SEC Filings

6-K
WNS (HOLDINGS) LTD filed this Form 6-K on 08/23/2018
Entire Document
 


Immediately prior to the expiration of the 2006 Plan, 1,112,825 shares were available for issuance or transfer as new awards thereunder. To the extent that an award terminates, expires, or lapses for any reason, or is settled in cash, any shares or ADSs subject to the award shall again be available for the grant of an award pursuant to the Plan. Any shares or ADSs tendered or withheld to satisfy the grant or exercise price or tax withholding obligation pursuant to any award shall not subsequently be available for grant of an award pursuant to the Plan.

The Company is seeking Shareholders’ approval to amend and restate the Plan to increase the number of shares available for grant under the foregoing clause (x) under the Plan by 1,400,000 shares or ADSs.

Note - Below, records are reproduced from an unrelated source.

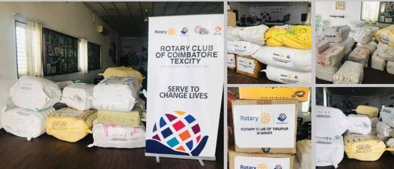
A Quick Response from Rotary Club of Coimbatore Texcity join by Rotary Tirupur Bharati and Rotary Tirupur Next Generation for contributing to the flood hit area at Kanchirapally, Kerala. Flood Relief materials like Rice, Bedsheet, Towels, Kitchen Utensils, Napkins, Water Bottles etc., worth Rs. 3,50,000/- was sent to Rotary Club of Kanchirapally. The same was distributed to the flood affected peoples by members of Rotary Club of Kanchirapally.
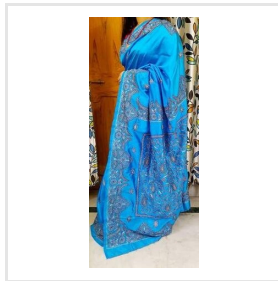
Kashmiri Hand Embroidery On
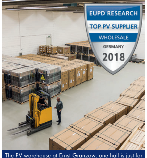
The PV warehouse at Ernst Granzow: one hall is just for modules.

That is not something you will often hear in

The maximum number of shares which may be subject to awards granted to any one participant during any calendar year is 500,000 shares and the maximum amount that may be paid to a participant in cash during any calendar year with respect to cash-based awards is $10,000,000. To the extent that an award terminates or is settled in cash, any shares subject to the award will again be available for the grant. Any shares tendered or withheld to satisfy the grant or exercise price or tax withholding obligation with respect to any award will not be available for subsequent grant. Except as described below with respect to independent directors, no determination has been made as to the types or amounts of awards that will be granted to specific individuals pursuant to the Plan.

Administration. The Plan is administered by the Board of Directors of the Company, which may delegate its authority to a committee. The Compensation Committee administers the Plan, except that the Board of Directors administers the Plan with respect to awards granted to the Company’s independent directors. The plan administrator will determine eligibility, the types and sizes of awards, the price and timing of awards and the acceleration or waiver of any vesting restriction, provided that the plan administrator will not have the authority to accelerate vesting or waive the forfeiture of any performance-based awards.

Eligibility. The Company’s employees, consultants and directors and those of its subsidiaries are eligible to be granted awards, except that only employees of the Company and its qualifying corporate subsidiaries are eligible to be granted options that are intended to qualify as “incentive share options” under Section 422 of the U.S. Internal Revenue Code of 1986, as amended (the “Code”).

Awards

Options: The plan administrator may grant options on shares. The per share option exercise price of all options granted pursuant to the Plan will not be less than 100% of the fair market value of a share on the date of grant. No incentive share option may be granted to a grantee who owns more than 10% of the Company’s outstanding shares unless the exercise price is at least 110% of the fair market value of a share on the date of grant. To the extent that the aggregate fair market value of the shares subject to an incentive share option become exercisable for the first time by any option holder during any calendar year exceeds $100,000, such excess will be treated as a non-qualified option. The plan administrator will determine the methods of payment of the exercise price of an option, which may include cash, shares or other property acceptable to the plan administrator (and may involve a cashless exercise of the option). The plan administrator shall designate in the award agreement evidencing each share option grant whether such share option shall be exercisable for shares or ADSs. The award agreement may, in the sole discretion of the plan administrator, permit the option holder to elect, at the time of exercise, whether to receive shares or ADSs in respect of the exercised share option or a portion thereof. The term of options granted under The Plan may not exceed ten years from the date of grant. However, the term of an incentive share option granted to a person who owns more than 10% of the Company’s outstanding shares on the date of grant may not exceed five years. Under the Plan, the number of awards to be granted to the Company’s independent directors will be determined by the Board of Directors or the Compensation Committee.